I think we from this can estimate fairly simple AS and AD curves that will be easy and simple to use in real-world macroeconomic forecasting and analysis.

A four-equation model

In later blog posts I will get into more details with my overall framework, but for now we will start out with a four-equation model.

We start with the AS curve. The important thing is to differentiate between when we “move along” the AS curve and when the AS curve shifts left or right.
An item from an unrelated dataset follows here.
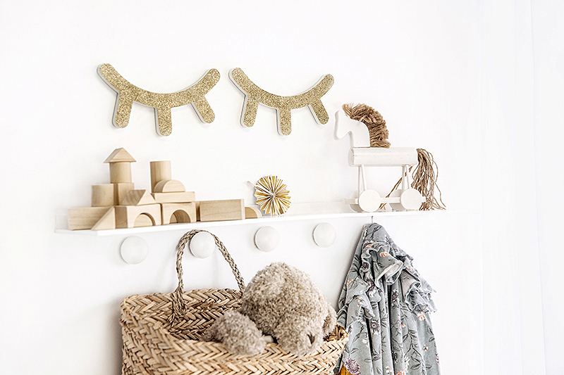Dřevěná nástěnná dekorace na zeď - Spící oči ve zlaté barvě. Sada obsahuje 2 ks spících očí a oboustrannou pásku.

It follows from economic theory that the (short-term) AS curve is upward sloping. This means that there is a positive correlation between on the one hand real GDP growth (y) and inflation (p) and therefore also nominal GDP growth. We can use this insight to write a simple equation for our AS curve:

(1) y = a0 + a1*n + SS

Where y is for example the quarterly real GDP growth rate, while n is nominal GDP growth. a0 and a1 are coefficients. SS is a shift variable that will capture exogenous supply shocks (shifts in the AS curve). In a slightly more advanced model we could also include the (real) output gap in model – so real GDP growth would be higher as long as the output gap is negative. That would mean that the output gap would gradually close even if nominal GDP (aggregate demand did not change). That would account for the long-run AS being vertical.

And variations of that equation are easy to estimate and my experience is that there is a very good fit to such models for most countries I have tried to apply this type of model to. The clever reader will realise that this is basically a simple form of a Phillips curve.

In a later post I will return to discuss the AS curve in more detail and I will particularly discuss how to use financial market information to forecast the impact of supply shocks on real GDP growth and to discuss different forms of supply shocks.

In the spirit of Cowen and Tabarrak our AD curve is basically the equation of exchange (in growth rates):

(2) n = m + v

Where n is nominal GDP growth, m is the money supply (for example M2) growth rate, while v is the growth rate of money-velocity.

We can think of different ways to model both m and v. That is our two next equations.

Equation (3) is an equation for the central bank’s policy rule. We assume that the central bank directly controls the money supply. This is of course not necessarily a realistic assumption and in an alternative formulation we could write (2) as n=k*b*v, where k is the money multiplier and b is the money base. However, for simplicity we will start with the simple version here.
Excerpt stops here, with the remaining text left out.